Get the Gmail attachment filename without downloading it

mopsiok picture mopsiok · Dec 1, 2012 · Viewed 9.5k times · Source

I'm trying to get all the messages from a Gmail account that may contain some large attachments (about 30MB). I just need the names, not the whole files. I found a piece of code to get a message and the attachment's name, but it downloads the file and then read its name:

import imaplib, email

#log in and select the inbox
mail = imaplib.IMAP4_SSL('imap.gmail.com')
mail.login('username', 'password')
mail.select('inbox')

#get uids of all messages
result, data = mail.uid('search', None, 'ALL') 
uids = data[0].split()

#read the lastest message
result, data = mail.uid('fetch', uids[-1], '(RFC822)')
m = email.message_from_string(data[0][1])

if m.get_content_maintype() == 'multipart': #multipart messages only
    for part in m.walk():
        #find the attachment part
        if part.get_content_maintype() == 'multipart': continue
        if part.get('Content-Disposition') is None: continue

        #save the attachment in the program directory
        filename = part.get_filename()
        fp = open(filename, 'wb')
        fp.write(part.get_payload(decode=True))
        fp.close()
        print '%s saved!' % filename

I have to do this once a minute, so I can't download hundreds of MB of data. I am a newbie into the web scripting, so could anyone help me?

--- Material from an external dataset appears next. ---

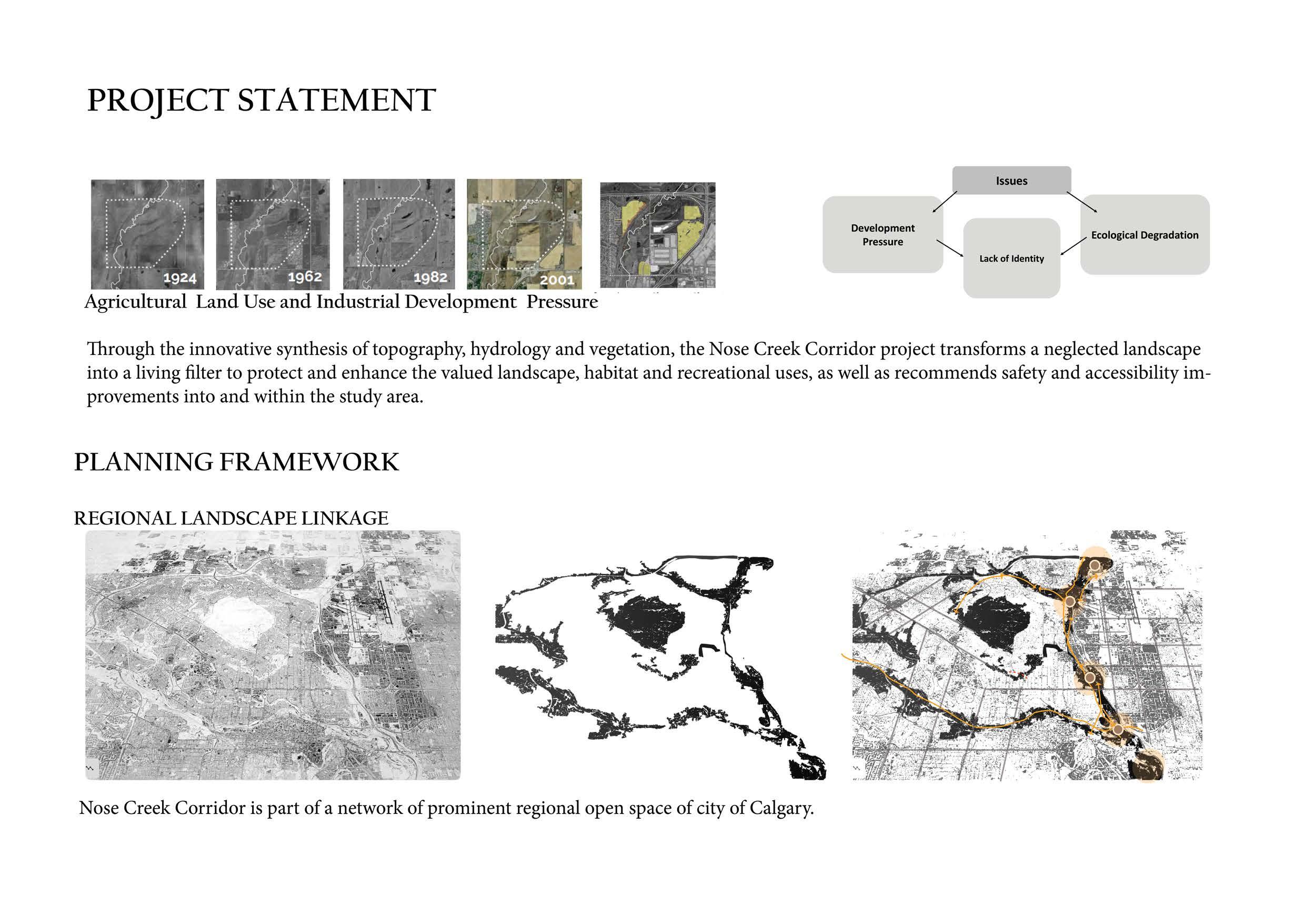 While Nose Creek is included in Calgary’s ambitious park master plan (1991), proposed connecting the riverfront and riparian areas as a park system/network to ensure the connectivity and integrity of the city’s landscape/green open spaces has been neglected despite having immense potential and stunning natural surroundings.The critical solution is to take a holistic landscape architectural design approch both at the regional (city-wide) and neighbourhood scales to improve the spatial quality of our creek systems. As a first step, developing a strategic comprehensive greenway networks can integrate Nose Creek into Calgary’s ecological network and park systems. These systems are healthy, connected, and resilient and provide citizens with equitable and appropriate access to nature.

I don't actually need to use imaplib, any python lib will be ok for me.

Best regards

Answer

rhettg picture rhettg · Dec 1, 2012

Rather than fetch RFC822, which is the full content, you could specify BODYSTRUCTURE.

The resulting data structure from imaplib is pretty confusing, but you should be able to find the filename, content-type and sizes of each part of the message without downloading the entire thing.